• WHAT NEEDS TO BE DONE: Would you please copy only the lines from the line that contains "Переходим к приготовлению" to the end of the data below, exactly, leaving every picture out?

• INFORMATION SUPPLIED:
BEGIN

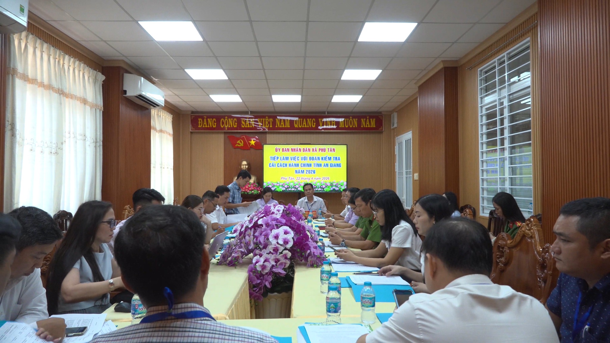 Sáng ngày 22/4, Đoàn Kiểm tra Cải cách hành chính tỉnh do bà Nguyễn Thị Bảo Trân - Phó Giám đốc Sở Nội vụ, Phó Trưởng đoàn kiểm tra Cải cách hành chính tỉnh làm trưởng đoàn đã đến làm việc và tiến hành kiểm tra thực tế tại UBND xã Phú Tân. Tiếp và làm việc với đoàn có ông Nguyễn Quốc Bảo, Chủ tịch UBND xã Phú Tân, cùng đại diện lãnh đạo, chuyên viên, viên chức phụ trách lĩnh vực cải cách hành chính của xã.
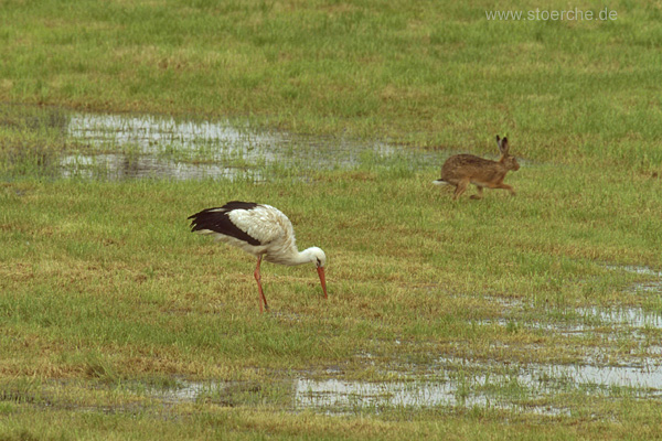 Situation, denn ein Feldhase (Lepus europaeus) lief nah am Altvogel vorbei. Weder Storch noch Hase waren voneinander beeindruckt. Auch
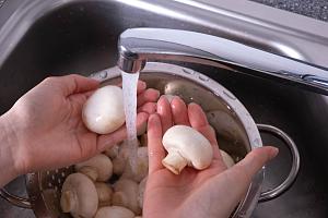 Переходим к приготовлению начинки. Грибы моем и режим на небольшие кусочки.
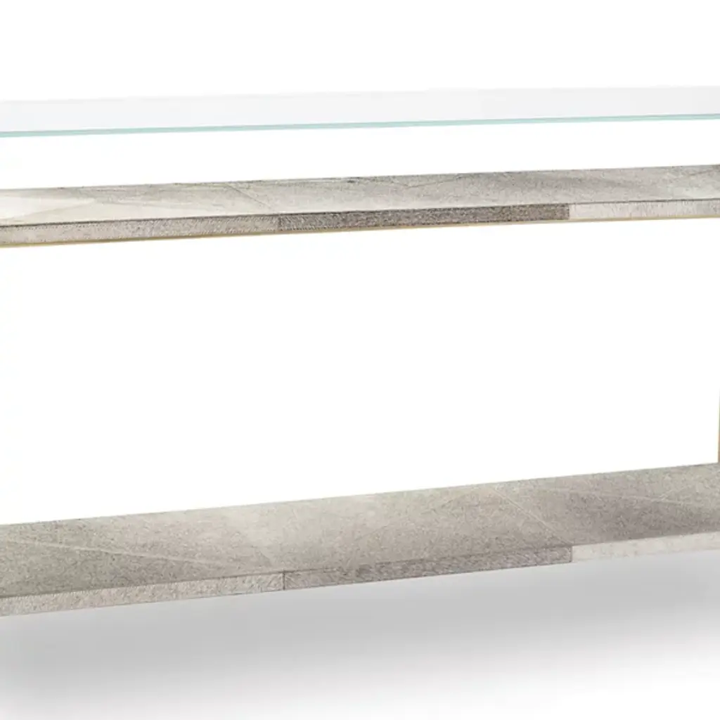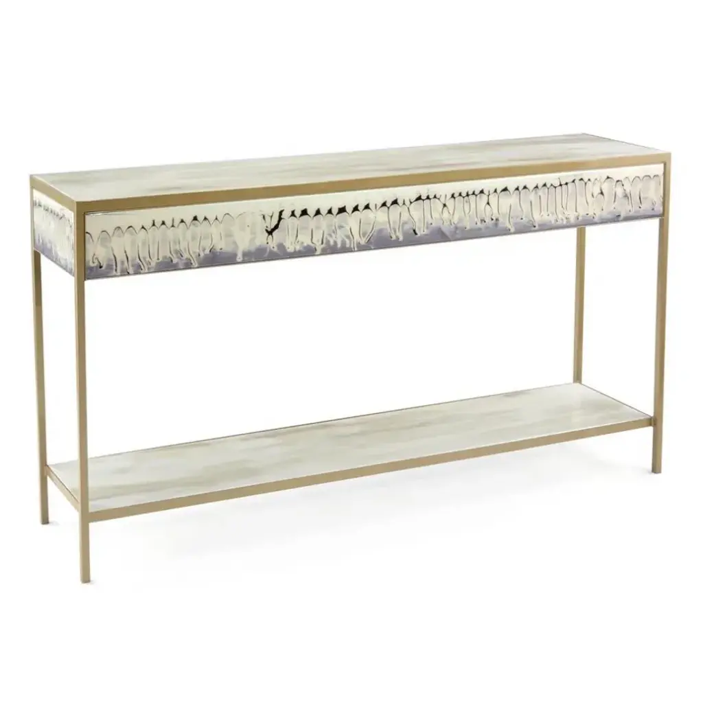 The Andres Hair on Hide Console Table from Regina Andrew masterfully blends rustic, modern, and contemporary styles through its handcrafted natural hair on hide shelves nestled into a sleek metal frame. This console table combines a whimsical design with luxurious surfaces, ideal for enhancing natural elegance in your living room, entryway, or home office. Its versatile aesthetic and quality craftsmanship make it a memorable addition to any space.

END

• RESPONSE TO THIS TASK:
 Переходим к приготовлению начинки. Грибы моем и режим на небольшие кусочки.
 The Andres Hair on Hide Console Table from Regina Andrew masterfully blends rustic, modern, and contemporary styles through its handcrafted natural hair on hide shelves nestled into a sleek metal frame. This console table combines a whimsical design with luxurious surfaces, ideal for enhancing natural elegance in your living room, entryway, or home office. Its versatile aesthetic and quality craftsmanship make it a memorable addition to any space.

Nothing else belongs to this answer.